Items listed in a dataset:
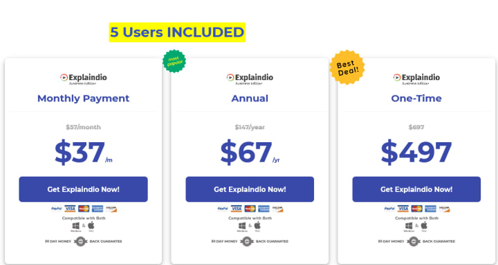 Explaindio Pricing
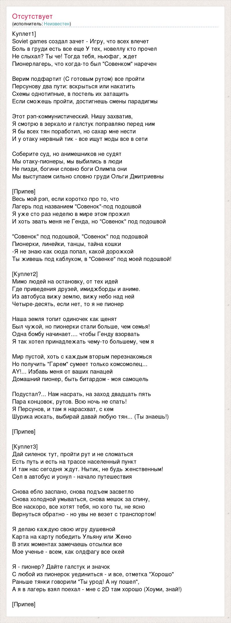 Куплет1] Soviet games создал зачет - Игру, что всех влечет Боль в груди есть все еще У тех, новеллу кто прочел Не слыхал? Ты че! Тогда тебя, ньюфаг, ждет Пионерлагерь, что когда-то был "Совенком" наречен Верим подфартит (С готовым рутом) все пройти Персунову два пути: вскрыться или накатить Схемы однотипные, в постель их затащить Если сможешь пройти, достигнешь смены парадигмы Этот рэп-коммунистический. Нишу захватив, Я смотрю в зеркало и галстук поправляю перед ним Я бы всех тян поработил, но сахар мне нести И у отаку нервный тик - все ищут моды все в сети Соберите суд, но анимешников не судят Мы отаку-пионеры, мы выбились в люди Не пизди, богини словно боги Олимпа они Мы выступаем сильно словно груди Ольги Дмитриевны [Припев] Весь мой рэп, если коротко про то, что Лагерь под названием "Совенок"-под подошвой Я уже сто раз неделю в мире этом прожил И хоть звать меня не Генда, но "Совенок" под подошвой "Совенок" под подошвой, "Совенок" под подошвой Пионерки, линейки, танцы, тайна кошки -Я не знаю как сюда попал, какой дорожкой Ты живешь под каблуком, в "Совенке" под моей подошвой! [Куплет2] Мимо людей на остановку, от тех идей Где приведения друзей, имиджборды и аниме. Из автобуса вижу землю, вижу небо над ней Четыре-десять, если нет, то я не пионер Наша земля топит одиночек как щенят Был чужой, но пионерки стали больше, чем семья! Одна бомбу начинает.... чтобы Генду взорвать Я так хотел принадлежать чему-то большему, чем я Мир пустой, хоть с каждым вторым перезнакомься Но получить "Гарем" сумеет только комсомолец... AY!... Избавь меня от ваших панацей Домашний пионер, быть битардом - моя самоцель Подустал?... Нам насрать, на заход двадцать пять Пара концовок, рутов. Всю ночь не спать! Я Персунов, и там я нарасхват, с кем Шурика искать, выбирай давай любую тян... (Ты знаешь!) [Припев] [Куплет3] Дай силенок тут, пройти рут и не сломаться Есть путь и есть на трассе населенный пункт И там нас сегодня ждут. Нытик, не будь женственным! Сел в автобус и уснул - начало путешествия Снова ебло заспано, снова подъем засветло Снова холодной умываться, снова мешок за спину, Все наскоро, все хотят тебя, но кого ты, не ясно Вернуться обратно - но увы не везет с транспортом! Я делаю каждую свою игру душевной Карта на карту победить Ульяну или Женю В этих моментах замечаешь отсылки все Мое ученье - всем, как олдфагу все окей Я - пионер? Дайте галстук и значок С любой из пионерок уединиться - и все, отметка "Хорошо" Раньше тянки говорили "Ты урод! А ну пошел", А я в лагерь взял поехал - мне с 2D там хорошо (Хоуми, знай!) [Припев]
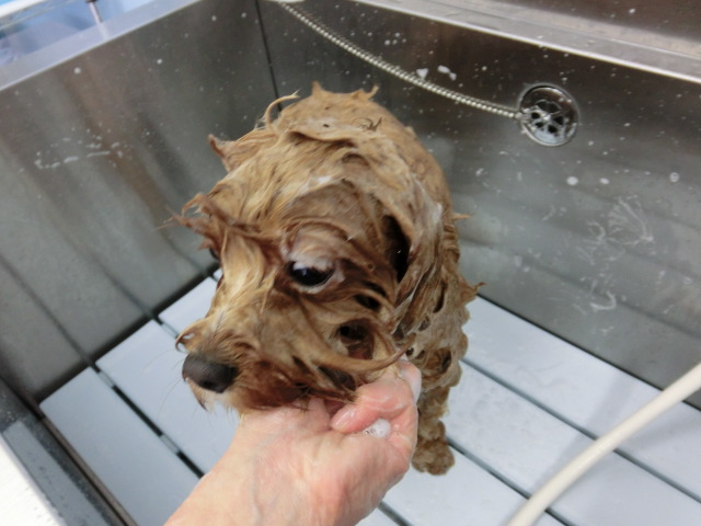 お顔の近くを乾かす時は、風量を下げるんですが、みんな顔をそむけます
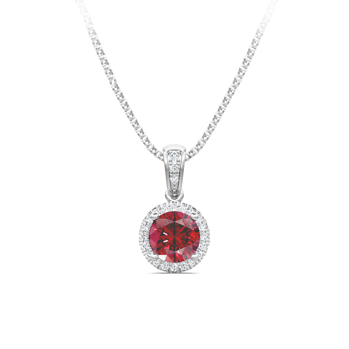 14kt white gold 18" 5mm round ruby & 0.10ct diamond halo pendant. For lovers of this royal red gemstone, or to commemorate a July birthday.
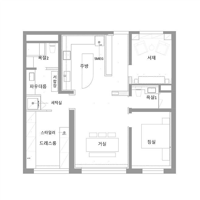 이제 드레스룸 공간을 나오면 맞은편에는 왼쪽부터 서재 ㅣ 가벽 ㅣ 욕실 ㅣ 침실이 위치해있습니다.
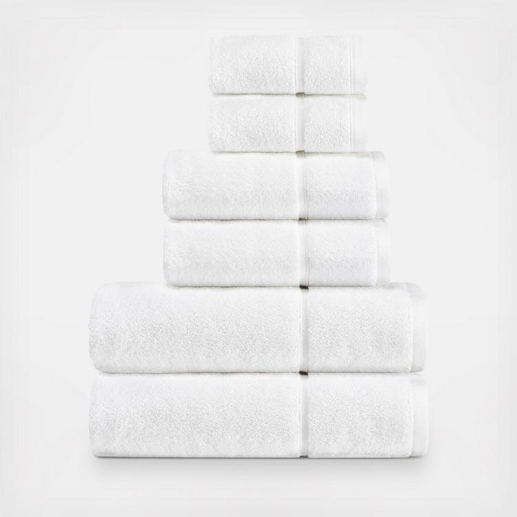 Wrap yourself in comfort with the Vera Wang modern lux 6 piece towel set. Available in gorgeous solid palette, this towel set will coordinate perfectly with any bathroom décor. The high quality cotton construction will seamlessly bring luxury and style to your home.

Task:
Retype all the records shown above, character for character. Omit every picture.

Exercise answer:
 Explaindio Pricing
 Куплет1] Soviet games создал зачет - Игру, что всех влечет Боль в груди есть все еще У тех, новеллу кто прочел Не слыхал? Ты че! Тогда тебя, ньюфаг, ждет Пионерлагерь, что когда-то был "Совенком" наречен Верим подфартит (С готовым рутом) все пройти Персунову два пути: вскрыться или накатить Схемы однотипные, в постель их затащить Если сможешь пройти, достигнешь смены парадигмы Этот рэп-коммунистический. Нишу захватив, Я смотрю в зеркало и галстук поправляю перед ним Я бы всех тян поработил, но сахар мне нести И у отаку нервный тик - все ищут моды все в сети Соберите суд, но анимешников не судят Мы отаку-пионеры, мы выбились в люди Не пизди, богини словно боги Олимпа они Мы выступаем сильно словно груди Ольги Дмитриевны [Припев] Весь мой рэп, если коротко про то, что Лагерь под названием "Совенок"-под подошвой Я уже сто раз неделю в мире этом прожил И хоть звать меня не Генда, но "Совенок" под подошвой "Совенок" под подошвой, "Совенок" под подошвой Пионерки, линейки, танцы, тайна кошки -Я не знаю как сюда попал, какой дорожкой Ты живешь под каблуком, в "Совенке" под моей подошвой! [Куплет2] Мимо людей на остановку, от тех идей Где приведения друзей, имиджборды и аниме. Из автобуса вижу землю, вижу небо над ней Четыре-десять, если нет, то я не пионер Наша земля топит одиночек как щенят Был чужой, но пионерки стали больше, чем семья! Одна бомбу начинает.... чтобы Генду взорвать Я так хотел принадлежать чему-то большему, чем я Мир пустой, хоть с каждым вторым перезнакомься Но получить "Гарем" сумеет только комсомолец... AY!... Избавь меня от ваших панацей Домашний пионер, быть битардом - моя самоцель Подустал?... Нам насрать, на заход двадцать пять Пара концовок, рутов. Всю ночь не спать! Я Персунов, и там я нарасхват, с кем Шурика искать, выбирай давай любую тян... (Ты знаешь!) [Припев] [Куплет3] Дай силенок тут, пройти рут и не сломаться Есть путь и есть на трассе населенный пункт И там нас сегодня ждут. Нытик, не будь женственным! Сел в автобус и уснул - начало путешествия Снова ебло заспано, снова подъем засветло Снова холодной умываться, снова мешок за спину, Все наскоро, все хотят тебя, но кого ты, не ясно Вернуться обратно - но увы не везет с транспортом! Я делаю каждую свою игру душевной Карта на карту победить Ульяну или Женю В этих моментах замечаешь отсылки все Мое ученье - всем, как олдфагу все окей Я - пионер? Дайте галстук и значок С любой из пионерок уединиться - и все, отметка "Хорошо" Раньше тянки говорили "Ты урод! А ну пошел", А я в лагерь взял поехал - мне с 2D там хорошо (Хоуми, знай!) [Припев]
 お顔の近くを乾かす時は、風量を下げるんですが、みんな顔をそむけます
 14kt white gold 18" 5mm round ruby & 0.10ct diamond halo pendant. For lovers of this royal red gemstone, or to commemorate a July birthday.
 이제 드레스룸 공간을 나오면 맞은편에는 왼쪽부터 서재 ㅣ 가벽 ㅣ 욕실 ㅣ 침실이 위치해있습니다.
 Wrap yourself in comfort with the Vera Wang modern lux 6 piece towel set. Available in gorgeous solid palette, this towel set will coordinate perfectly with any bathroom décor. The high quality cotton construction will seamlessly bring luxury and style to your home.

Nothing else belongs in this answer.